Между нами было четыреста шагов и один ветер.

— Ваше высокоблагородие, — сказал Гужев. — Муть-то опустилась.

— И что?

— А то, что нынче ночью самое оно и есть, — ответил Гужев. — Ежели он ждал — так он ждал этого.

Глава 15

«Ветер с той стороны»

Он пустил его в пятом часу утра, перед рассветом.

Наблюдателем в ту ночь стоял ефрейтор из михеевской роты, фамилии которого я тогда не знал, а после узнал и запомнил: Свиягин. Он не спал и глядел, и он увидел.

Из немецкой траншеи, вдоль всей её длины, поползло низкое.

Не туча. Туча — это вверху, а это шло по земле, и оттого его и не сразу поняли: точно из-под бруствера пустили пар, будто там разом затопили сорок бань.
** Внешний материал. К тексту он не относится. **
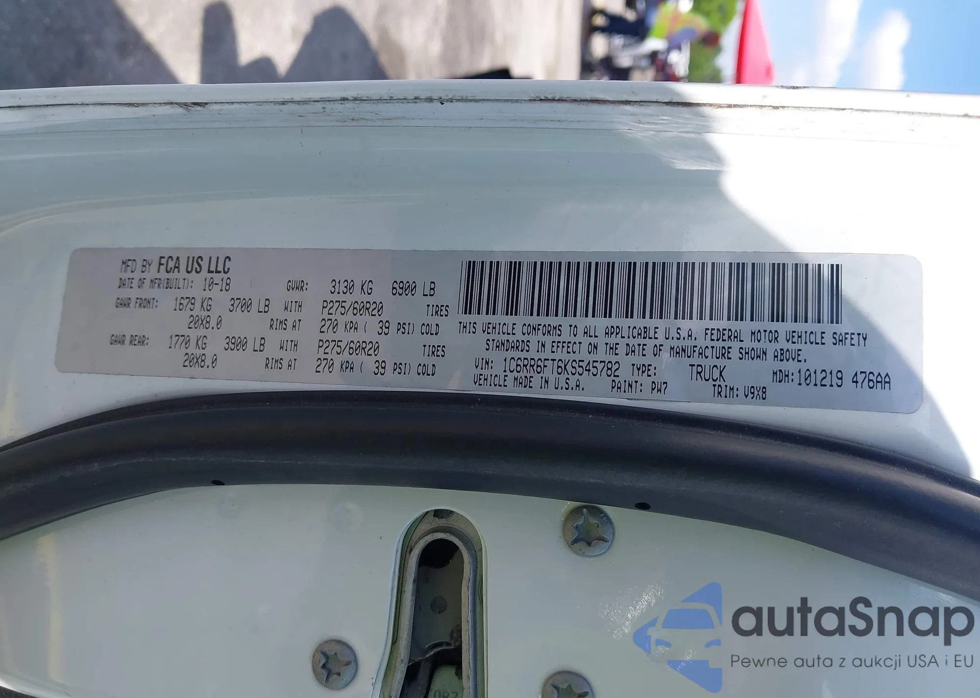 LOT: 42551738 VIN: 1C6RR6FT6KS545782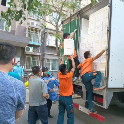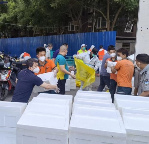 5月29日,3900份蔬菜套餐和6400斤延慶愛心圓生菜分4車順利送達(dá)封控區(qū)南庭新苑北區(qū)內(nèi)。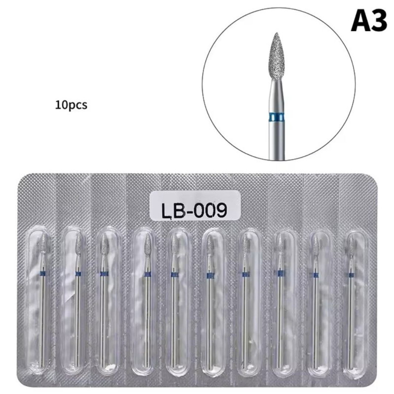 Набір алмазних фрез «Полум’я коротке» LB-009 (10 шт.) — синя насічка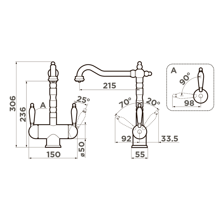 • Классический дизайн и удобство использования благодаря высокому изливу.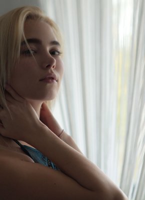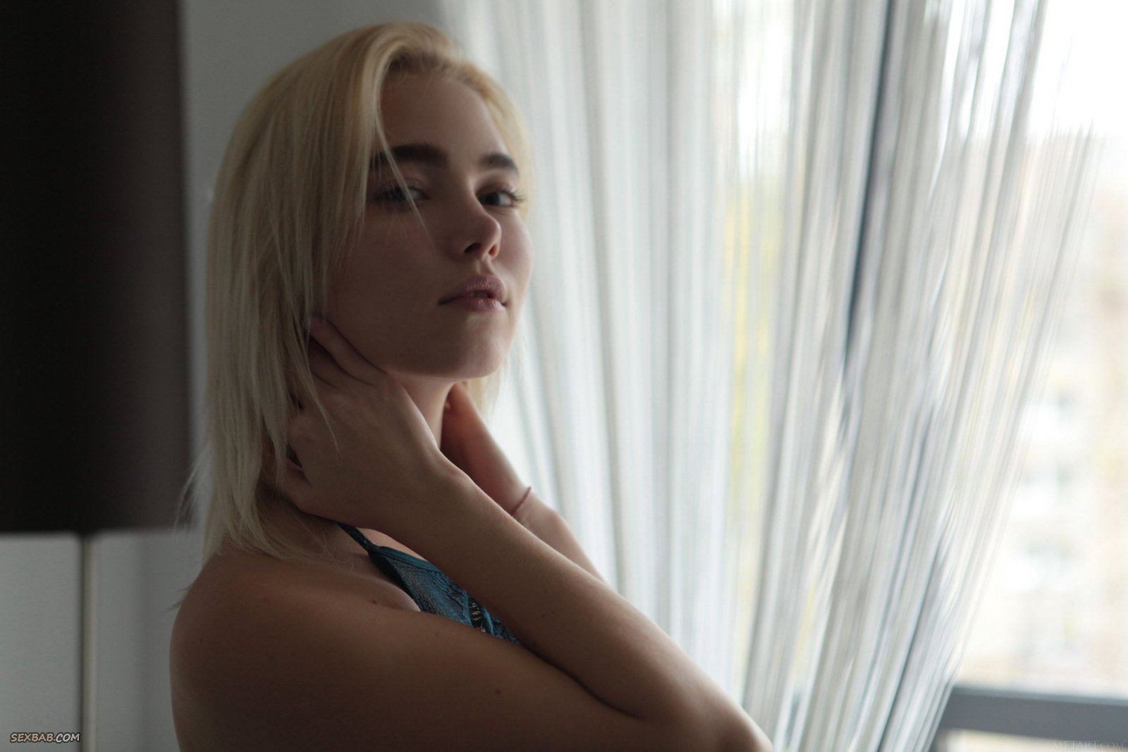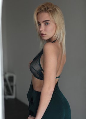 Описание: Эротично позируя перед камерой и постепенно снимая с себя одежду с кружевным нижним бельем, аппетитная похотливая детка с упругой грудью и попкой бесстыже демонстрирует свои прелести у большого окна. Затем обнаженная блондинка с сексуальным телом возбуждающе извивается в разных позах и в полумраке засвечивает свою голую бритую писечку.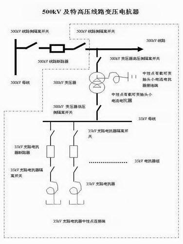 500kV線路變壓電抗器(見下圖)的解決方案是利用500kV變35kV的變壓器,將35kV側(cè)低壓電抗器組的無功功率傳送到500kV高壓側(cè)。同時可利用變壓器中性點的有載可變抽頭小電抗器接地,來補償線路由于單相重合閘引起的潛供電流。在補償了超高壓或特高壓線路的潛供電流后,根據(jù)500kV線路變壓電抗器安裝點的系統(tǒng)無功功率和電壓,通過控制系統(tǒng)控制35kV側(cè)的低壓電抗器組的投切,使得超高壓線路及特高壓線路的無功功率補償度從欠補償擴展到過補償,增加了系統(tǒng)的調(diào)壓手段,提高了系統(tǒng)電壓的運行質(zhì)量,實質(zhì)性的降低了電網(wǎng)的無功和有功損耗。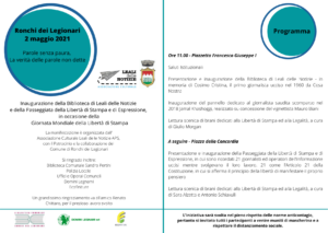 Il 3 maggio è la Giornata Mondiale della Libertà di Stampa, una ricorrenza molto importante per l’associazione culturale Leali delle Notizie di Ronchi dei Legionari che da anni organizza numerose iniziative per contrastare la censura dell’informazione e le minacce che ogni anno centinaia e centinaia di giornalisti sono costretti a subire perché svolgono il proprio mestiere raccontando le verità più scomode.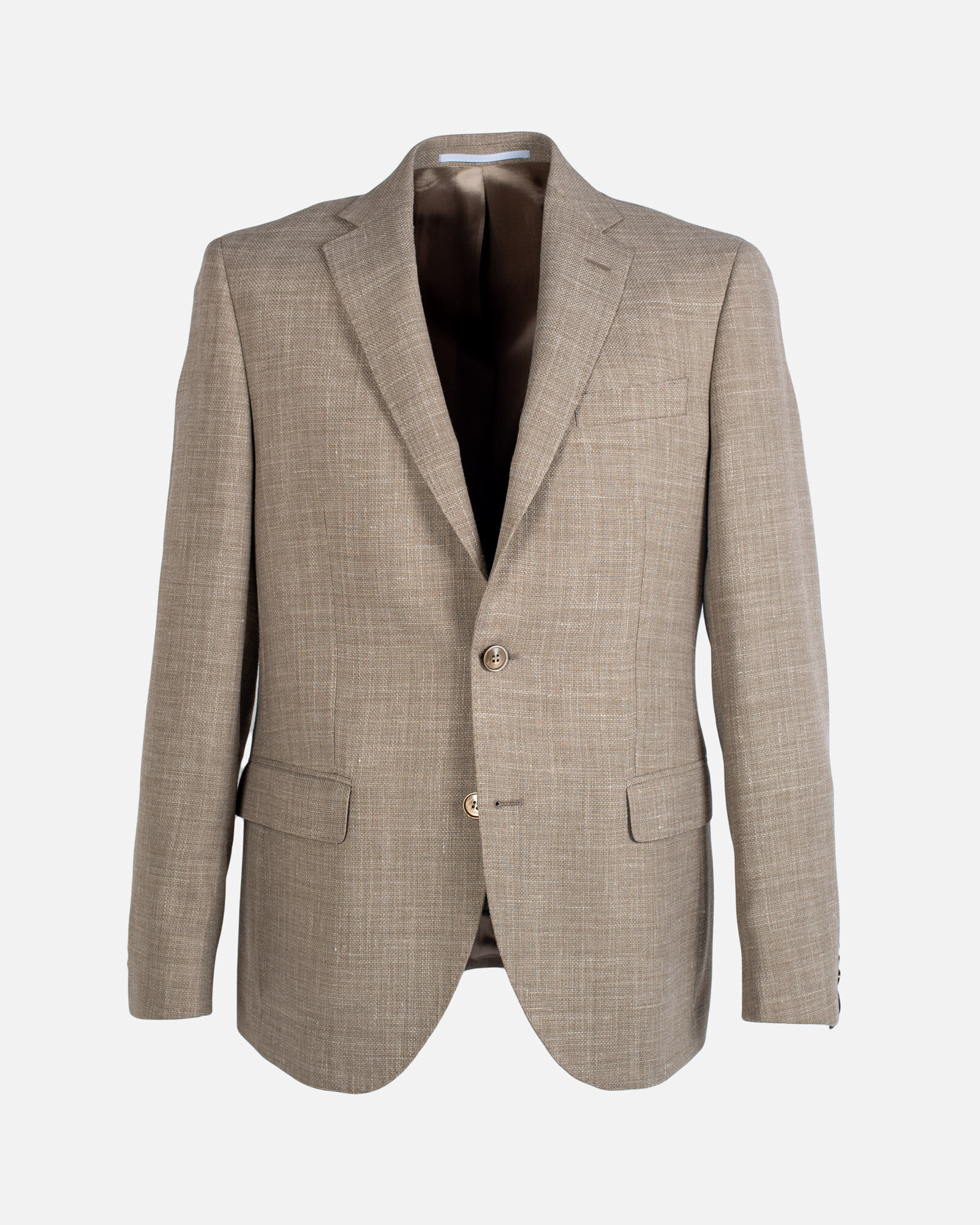 This beige formal blazer is made from a high-quality material blend of 53% polyester, 35% wool, 10% linen and 2% elastane, which provides a comfortable and durable feel. The blazer has a sophisticated and formal design that is perfect for more dressed-up occasions. such as weddings.
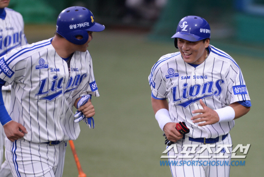 25일 오후 대구 시민야구장에서 2014 프로야구 넥센과 삼성의 경기가 열렸다. 1회말 2사 2,3루서 삼성 김태완의 적시타 때 홈에 들어온 이승엽과 채태인이 기뻐하고 있다. 대구=김경민 기자 kyungmin@sportschosun.com / 2014.06.25.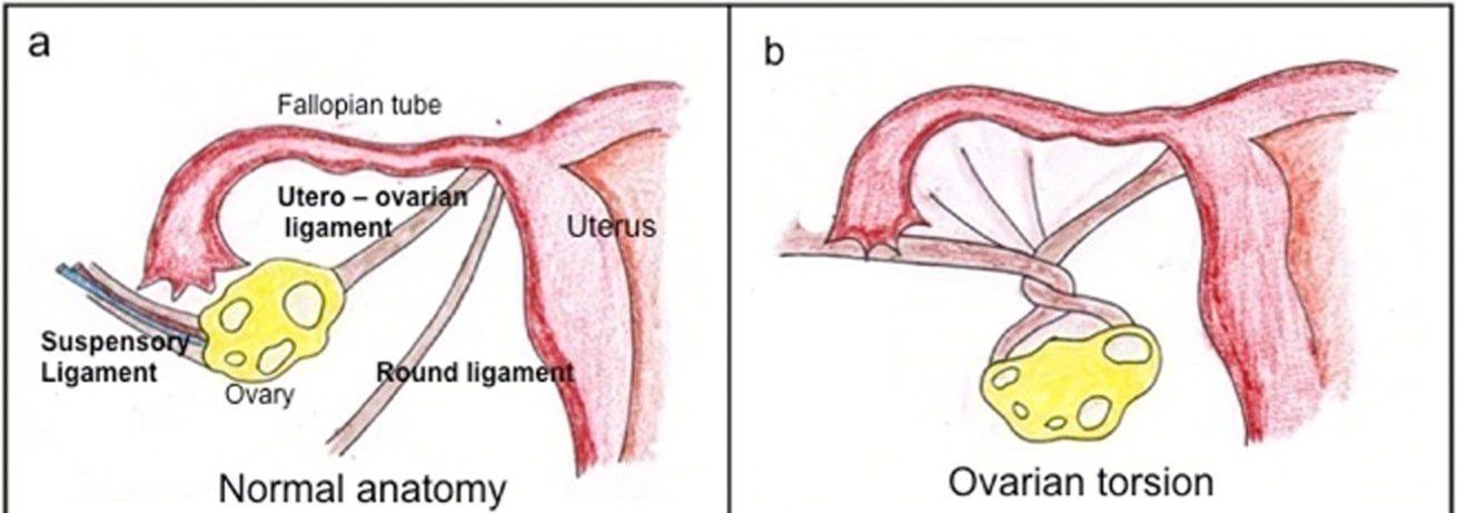 A condition occurring when the ovary or fallopian tubes twist on the tissues that support them. •Symptoms include severe pain in the pelvic area, as well as nausea and vomiting.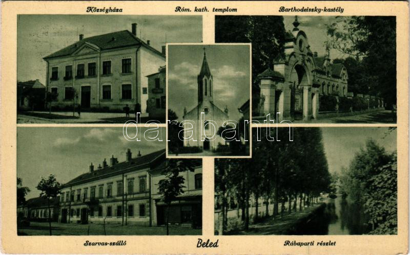 1942 Beled, Községháza, Római katolikus templom, Barthodeiszky-kastély, Szarvas szálló, Rábaparti részlet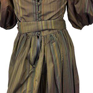 ALBERT NIPON VTG 70's Balloon Sleeves Chocolat Brown Green Taffeta Tent Dress S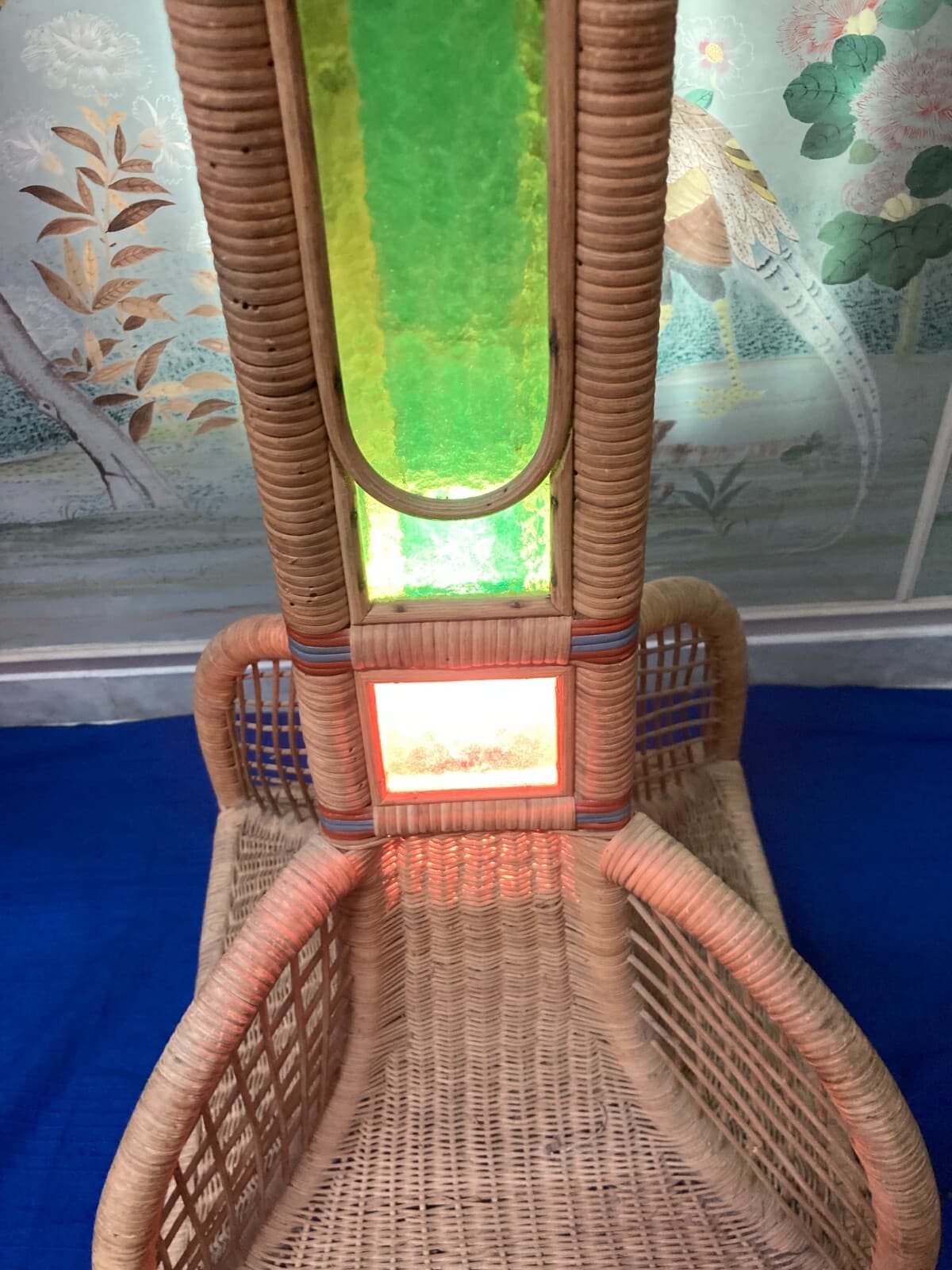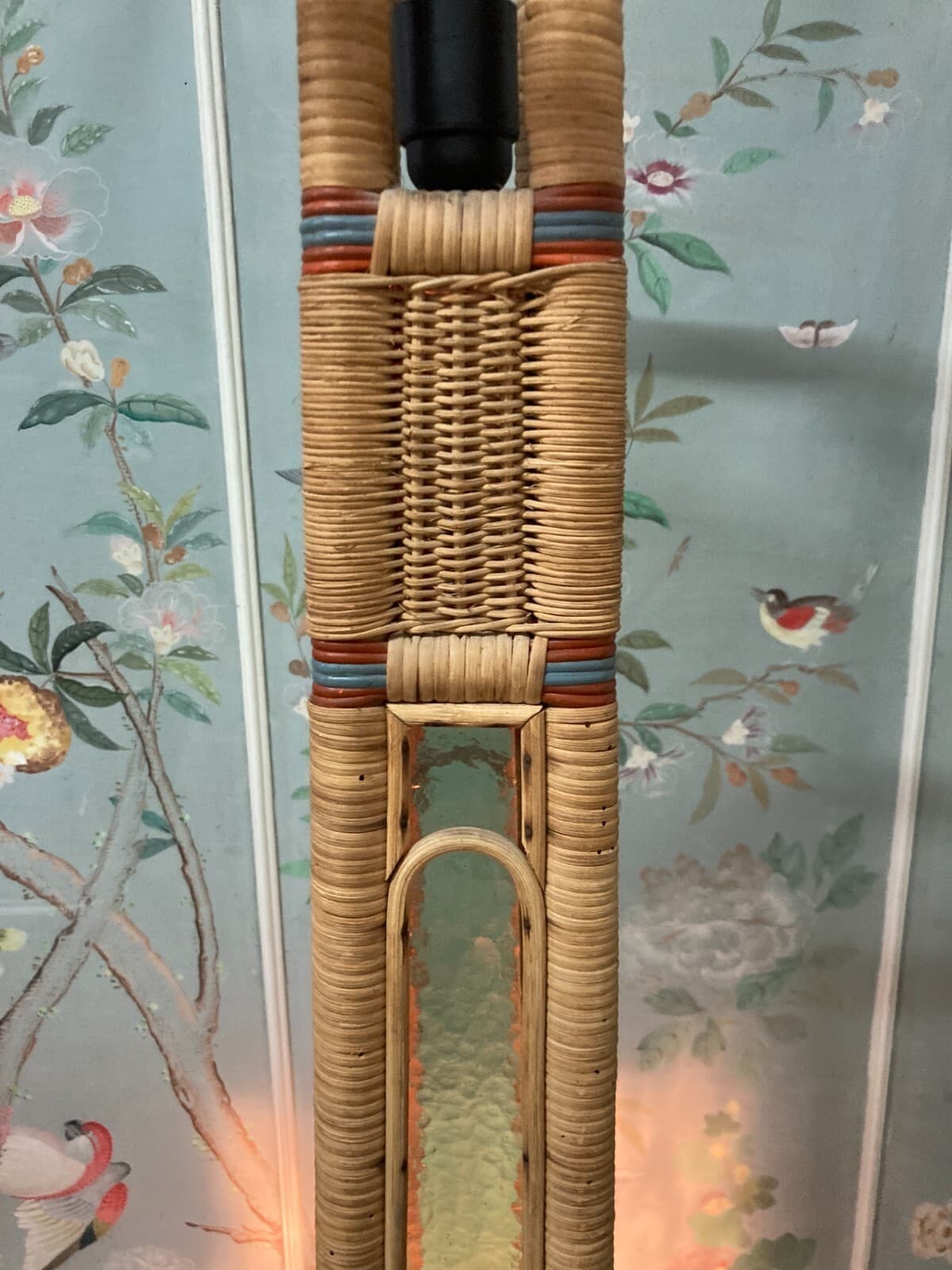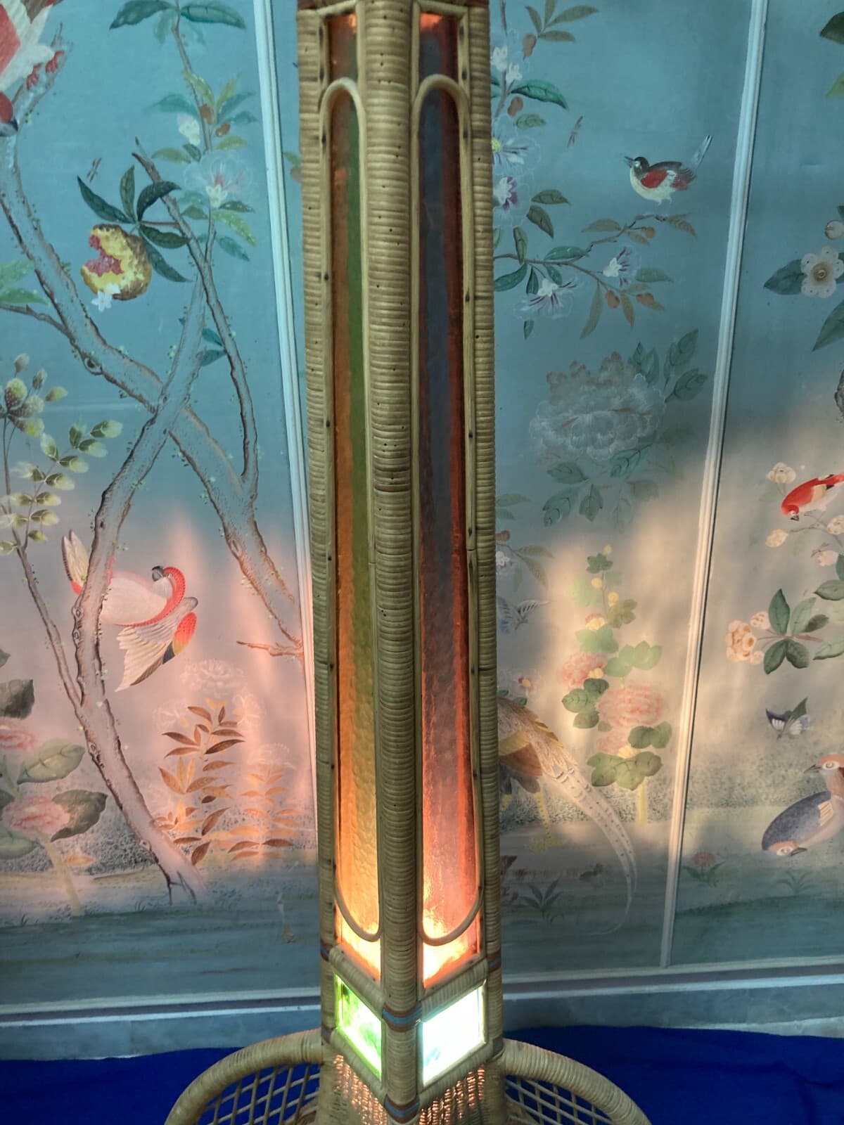 Modernariato, Design, Decorativa Lampada Piantana Con Vetri Colorati In Rattan E Vimini

Оно поднялось на сажень, легло и потекло — медленно, вровень с шагом идущего человека, — и в предрассветной серости было оно желтовато-зелёным, а вернее сказать, было оно цвета, которого в природе нет.

Свиягин не стал думать, туман это или не туман.

Он дёрнул за проволоку, и над бугром пошла ракета, и следом ударили три коротких по рельсу — тот самый сигнал, которым мы поднимали роты на тревогу шестой раз за неделю, и который они уже ненавидели.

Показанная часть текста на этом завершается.